─── SUPPLIED INFORMATION

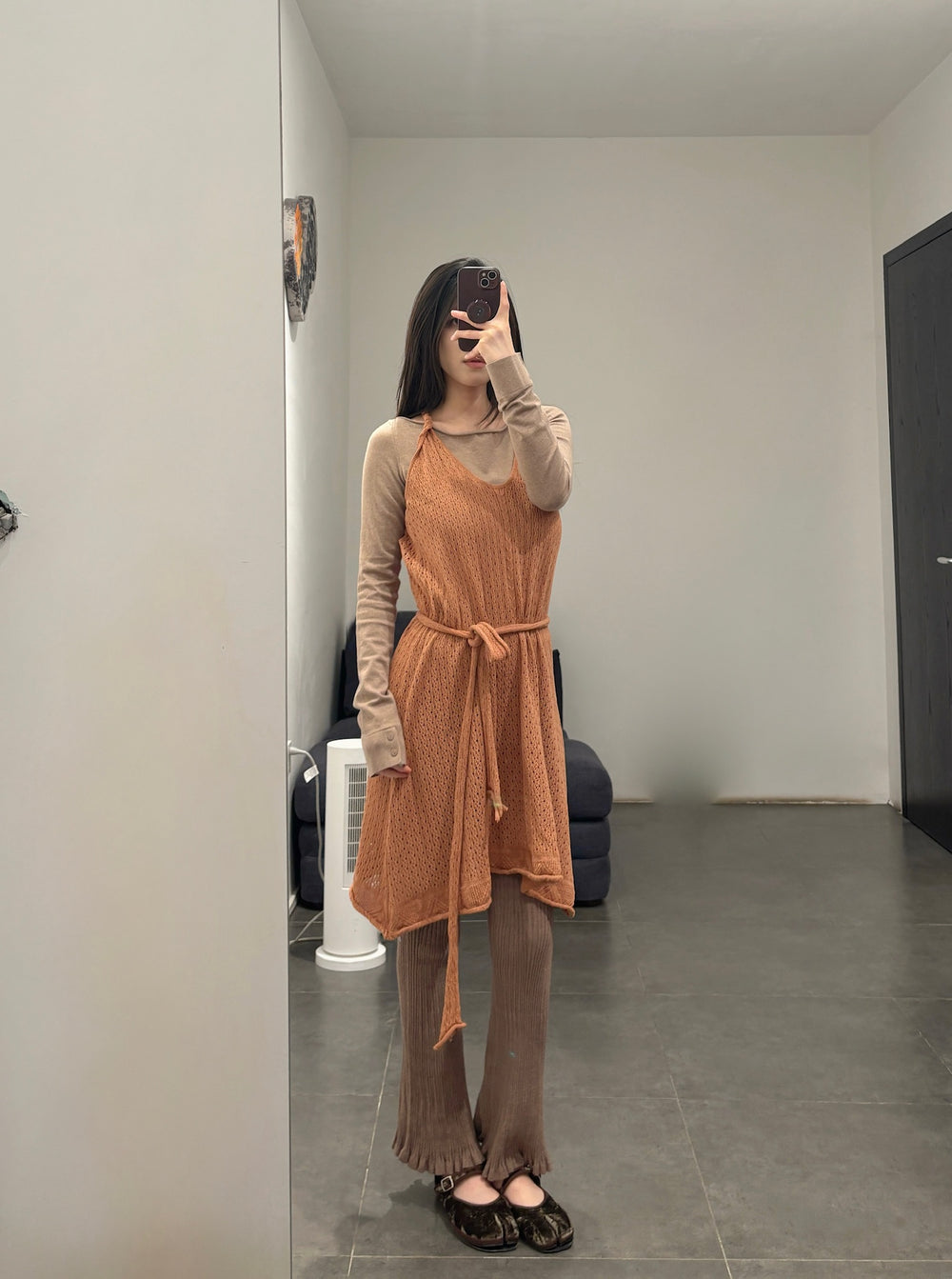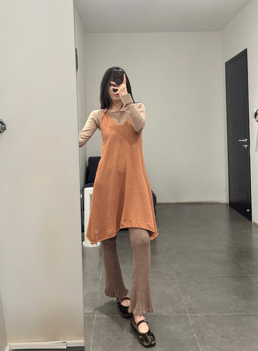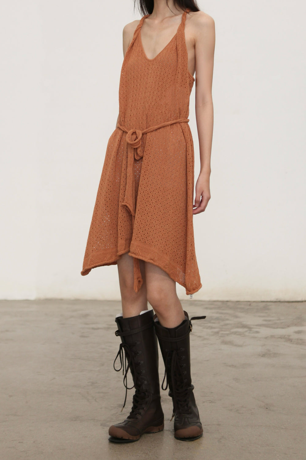 o cloche code cotton knit A-line dress OCC-OH01Q841-XQ Apricot Orange APRICOT
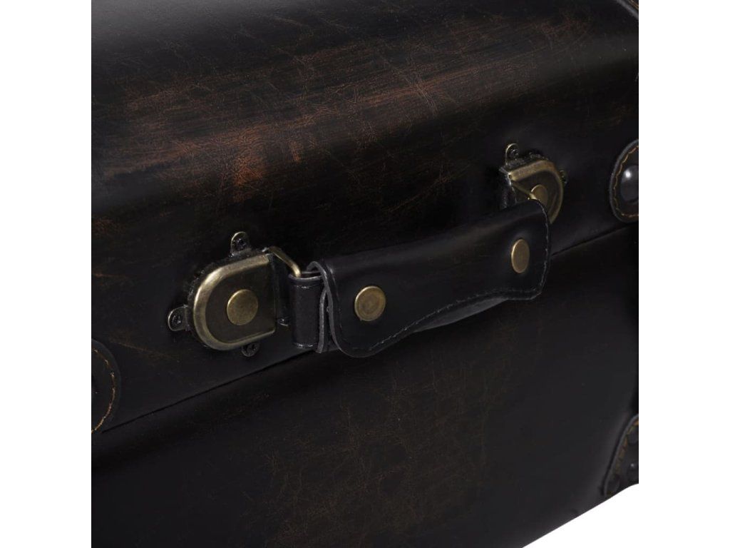 - Přezky a kovové zámky, které lavici dodávají starobylý vzhled
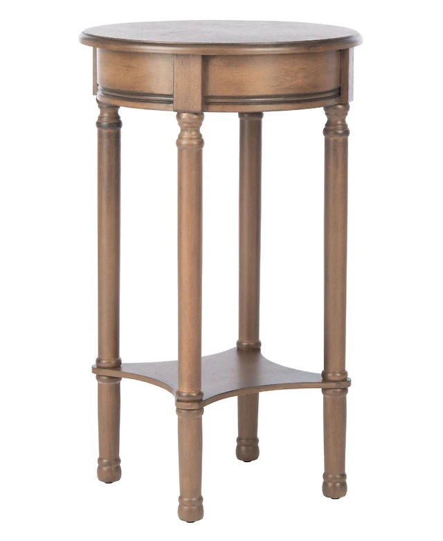 Sugift 2-Tier Round End Table with Storage Shelf and Solid Rubber Wood Legs
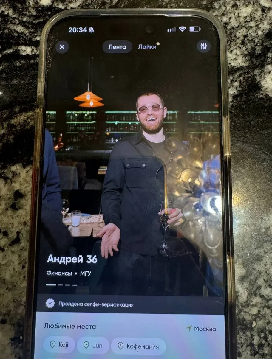 Только недавно стало известно, что у 26-летней Дианы Манасир, дочери миллиардера Зияда Манасира, новый роман — с предпринимателем Андреем Земляновым, как вдруг все уже обсуждают расставание пары. В сети обнаружили аккаунт 39-летнего выпускника МГУ в одном из дейтинг-приложений. Сомневаться в его подлинности не приходится, поскольку селфи-верификация пройдена. Помимо имени, возраста и образования Андрея там указаны любимые места бизнесмена: Сахалин и "Кофемания".
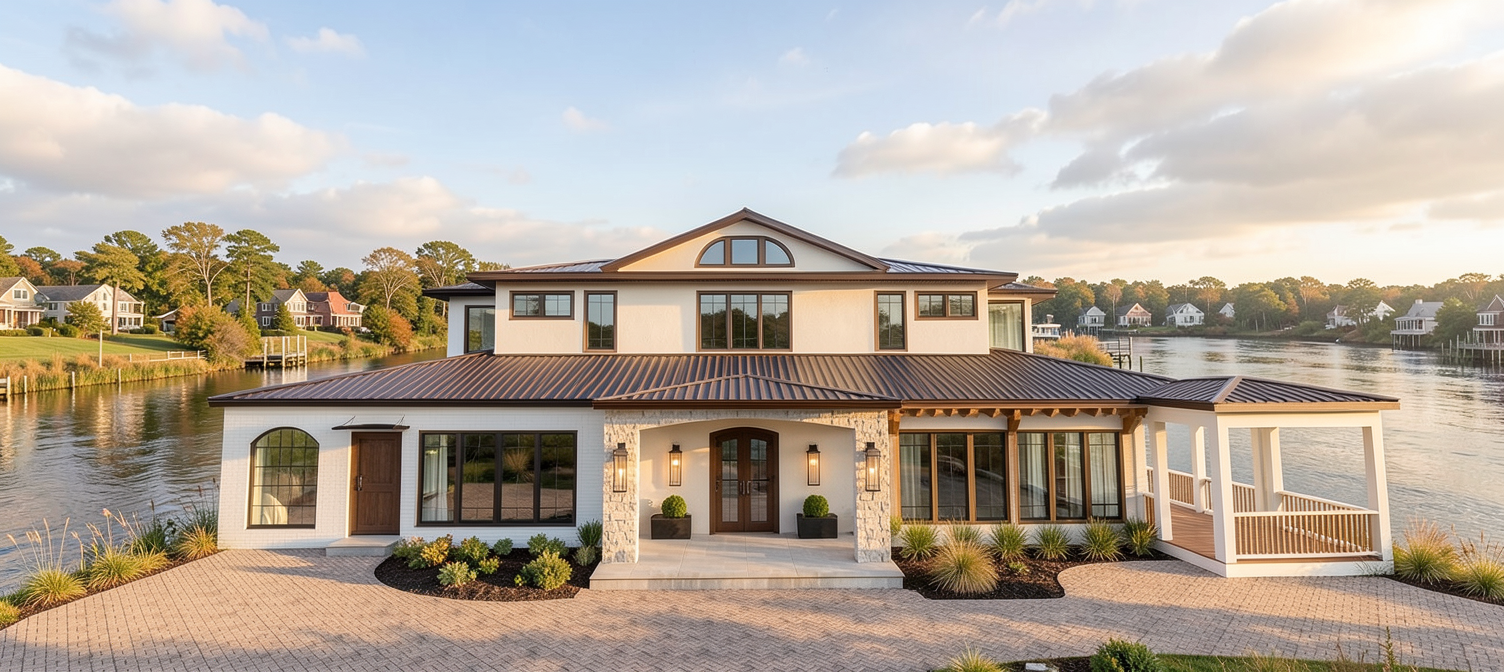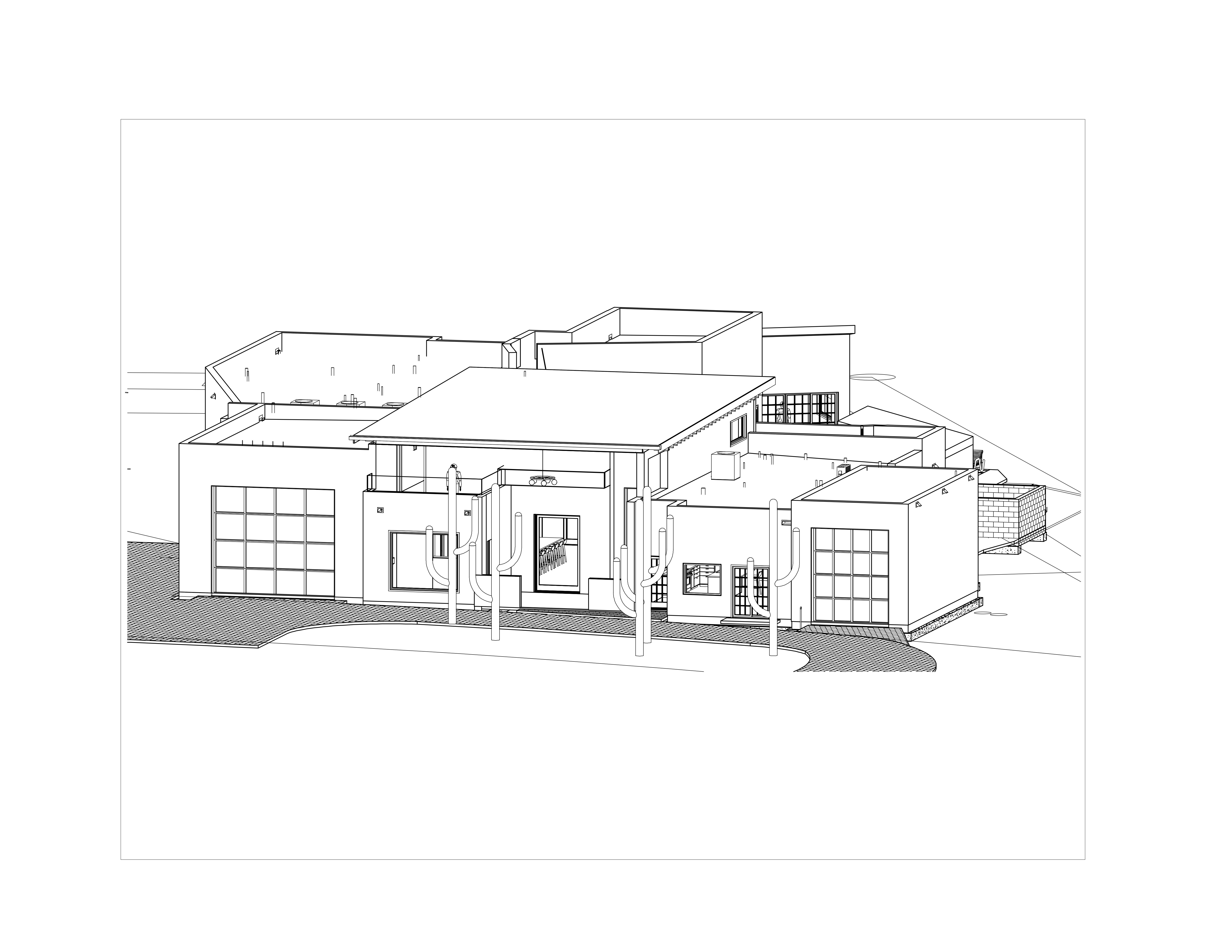 black metals roof only on the center mass building with a tilted roof clad this mass in stucco all other flat roofs will be in the sand stucco the two end masses are garages clad the left garage in stone and clad the right garage in the wood cladding add the stone ledge cladding to the two front masses with the windows these are next to the garages i have attached a moodboard with the materials for your reference do not edit the building structurally only add the exterior architectural materials
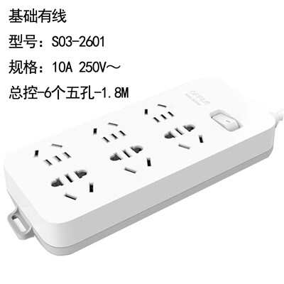 欧普照明(OPPLE)S03-2601 国标基础有线排插10A 250V~ 总控-6个五孔-1.8M
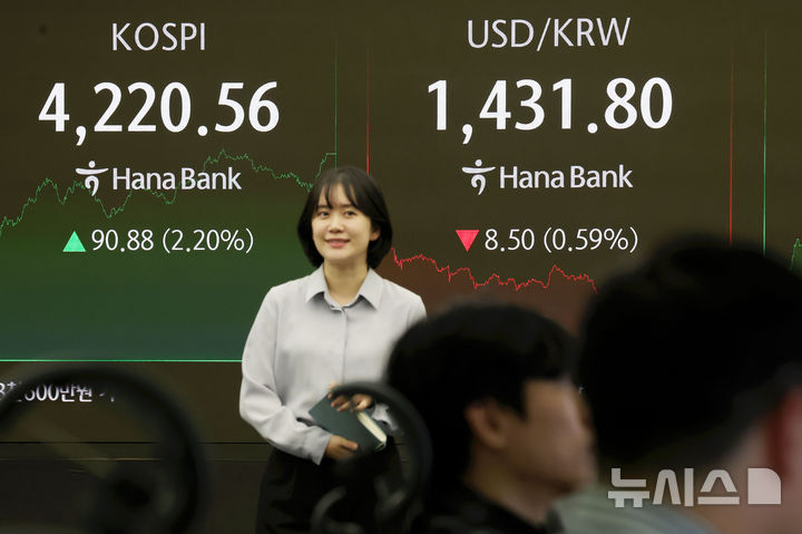 [서울=뉴시스] 홍효식 기자 = 코스피가 전 거래일(4129.68)보다 90.88포인트(2.20%) 오른 4220.56에 마감한 29일 오후 서울 중구 하나은행 딜링룸 전광판에 지수가 표시되고 있다.
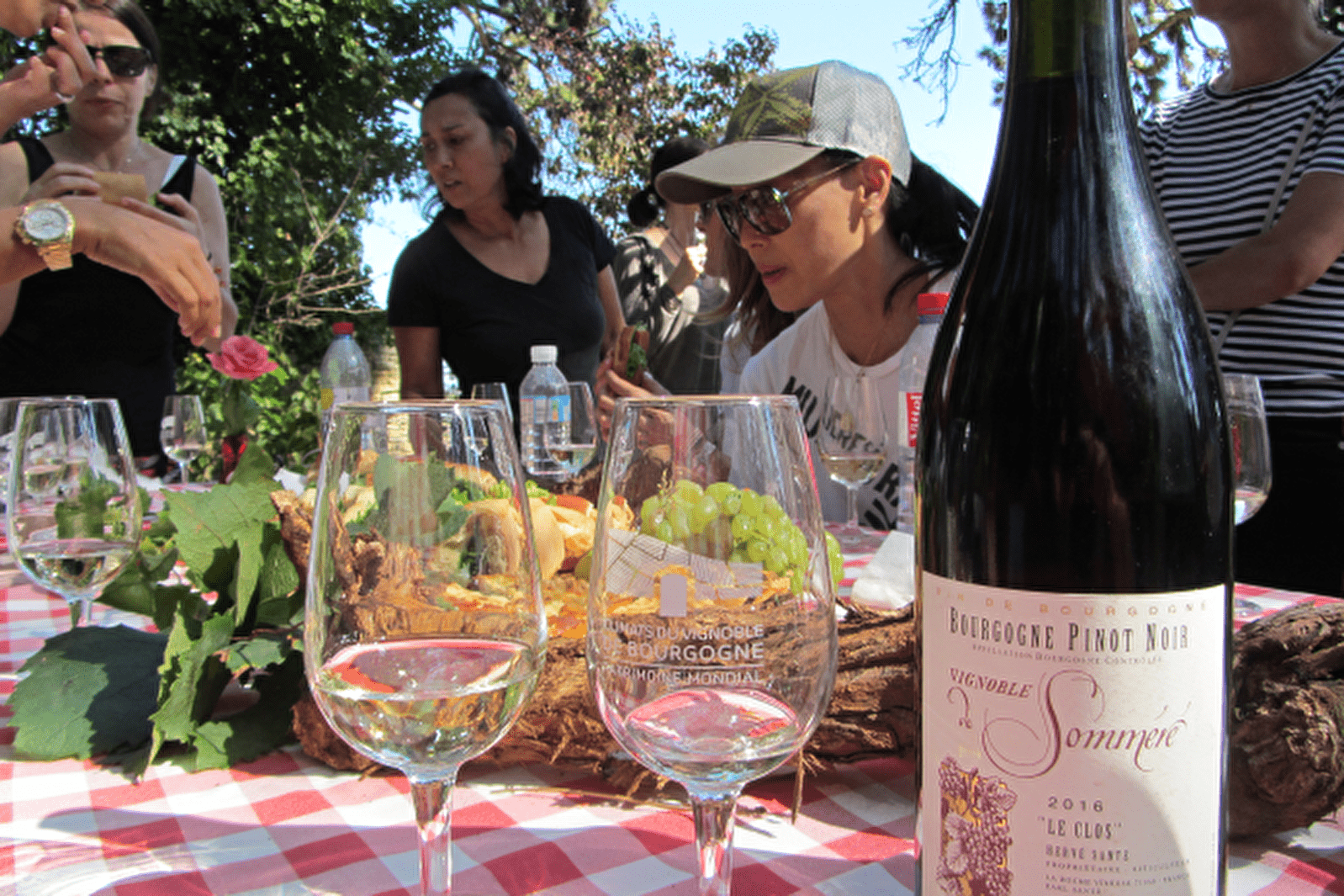 Dégustation surprise de crus," climats" en lieu bucolique, visite de villages, panoramas, histoire du vignoble... Expérience directe en milieu naturel.
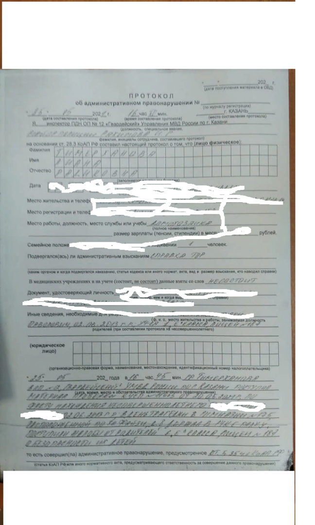 Инспектор ПДН ОП №12 «Гвардейский» МВД Татарстана составляет по его факту протокол об административном правонарушении, предусмотренного статьей 5.35 КОАП РФ ч.1, то есть неисполнение родителем своих обязанностей в отношении ребенка, которое конкретно выразилось, по мнению инспектора в том, что по факту нахождения сына Тимерхановой Л.Р. в гимназии 175 поступили жалобы от родителей 1 го Е класса об угрозе безопасности их детей. И данный протокол направлен в комиссию по делам о несовершеннолетних для рассмотрения.
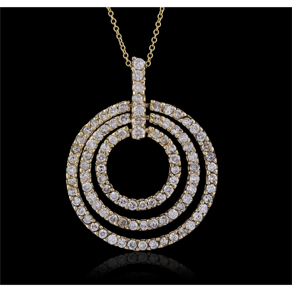One electronically tested 14KT yellow gold Ladies combination cast & assembled pendant & chain 16.0" long, small cable link with a spring ring clasp with a bright polish finish. Condition is new. Identified with markings of "14K". Containing: Ninety-Six prong set round brilliant cut diamonds, measuring 1.60 - 1.60 x 0.96mm (depth est.) approximate. Total Weight of 96 Stones = 1.43ct. Clarity: I-1 to I-3. Color: J - K, Cut is Good. All diamonds are graded in the mounting, unless otherwise stated. Total Weight of Diamonds 1.43ct. Total Weight of Pendant & Chain 8.00 grams.. GGL Appraised at $5,105.00.
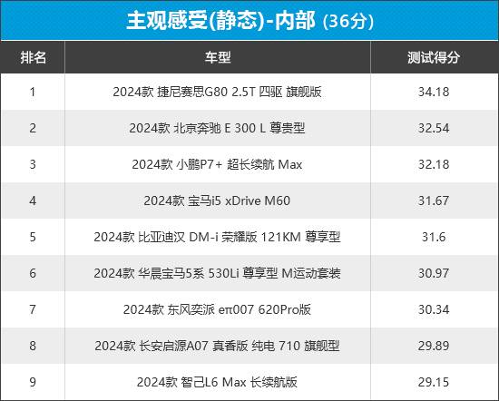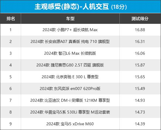 從榜單中不難看出,捷尼賽思G80繼續(xù)保持著較高的水準(zhǔn),在該環(huán)節(jié)表現(xiàn)突出,與其豪華品牌車型的定位相吻合,排名領(lǐng)跑其他8款車型。相比之下,智己L6在該環(huán)節(jié)得分最低,這與其第二排座椅舒適性不高有關(guān),導(dǎo)致失分。
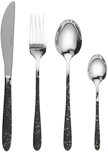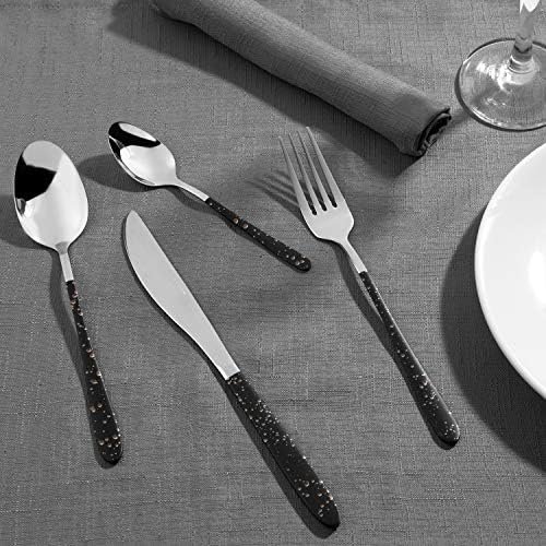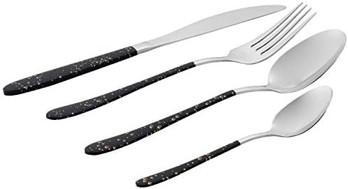- Stunning MarbleGold Design: The sleek black handles with unique gold speckle detailing create a sophisticated and modern look, making this cutlery set a beautiful addition to any dining table.

──────

Render the data above verbatim and without pictures.

OUTPUT OF THE EXERCISE ::
 o cloche code cotton knit A-line dress OCC-OH01Q841-XQ Apricot Orange APRICOT
 - Přezky a kovové zámky, které lavici dodávají starobylý vzhled
 Sugift 2-Tier Round End Table with Storage Shelf and Solid Rubber Wood Legs
 Только недавно стало известно, что у 26-летней Дианы Манасир, дочери миллиардера Зияда Манасира, новый роман — с предпринимателем Андреем Земляновым, как вдруг все уже обсуждают расставание пары. В сети обнаружили аккаунт 39-летнего выпускника МГУ в одном из дейтинг-приложений. Сомневаться в его подлинности не приходится, поскольку селфи-верификация пройдена. Помимо имени, возраста и образования Андрея там указаны любимые места бизнесмена: Сахалин и "Кофемания".
 black metals roof only on the center mass building with a tilted roof clad this mass in stucco all other flat roofs will be in the sand stucco the two end masses are garages clad the left garage in stone and clad the right garage in the wood cladding add the stone ledge cladding to the two front masses with the windows these are next to the garages i have attached a moodboard with the materials for your reference do not edit the building structurally only add the exterior architectural materials
 欧普照明(OPPLE)S03-2601 国标基础有线排插10A 250V~ 总控-6个五孔-1.8M
 [서울=뉴시스] 홍효식 기자 = 코스피가 전 거래일(4129.68)보다 90.88포인트(2.20%) 오른 4220.56에 마감한 29일 오후 서울 중구 하나은행 딜링룸 전광판에 지수가 표시되고 있다.
 Dégustation surprise de crus," climats" en lieu bucolique, visite de villages, panoramas, histoire du vignoble... Expérience directe en milieu naturel.
 Инспектор ПДН ОП №12 «Гвардейский» МВД Татарстана составляет по его факту протокол об административном правонарушении, предусмотренного статьей 5.35 КОАП РФ ч.1, то есть неисполнение родителем своих обязанностей в отношении ребенка, которое конкретно выразилось, по мнению инспектора в том, что по факту нахождения сына Тимерхановой Л.Р. в гимназии 175 поступили жалобы от родителей 1 го Е класса об угрозе безопасности их детей. И данный протокол направлен в комиссию по делам о несовершеннолетних для рассмотрения.
One electronically tested 14KT yellow gold Ladies combination cast & assembled pendant & chain 16.0" long, small cable link with a spring ring clasp with a bright polish finish. Condition is new. Identified with markings of "14K". Containing: Ninety-Six prong set round brilliant cut diamonds, measuring 1.60 - 1.60 x 0.96mm (depth est.) approximate. Total Weight of 96 Stones = 1.43ct. Clarity: I-1 to I-3. Color: J - K, Cut is Good. All diamonds are graded in the mounting, unless otherwise stated. Total Weight of Diamonds 1.43ct. Total Weight of Pendant & Chain 8.00 grams.. GGL Appraised at $5,105.00.
 從榜單中不難看出,捷尼賽思G80繼續(xù)保持著較高的水準(zhǔn),在該環(huán)節(jié)表現(xiàn)突出,與其豪華品牌車型的定位相吻合,排名領(lǐng)跑其他8款車型。相比之下,智己L6在該環(huán)節(jié)得分最低,這與其第二排座椅舒適性不高有關(guān),導(dǎo)致失分。
- Stunning MarbleGold Design: The sleek black handles with unique gold speckle detailing create a sophisticated and modern look, making this cutlery set a beautiful addition to any dining table.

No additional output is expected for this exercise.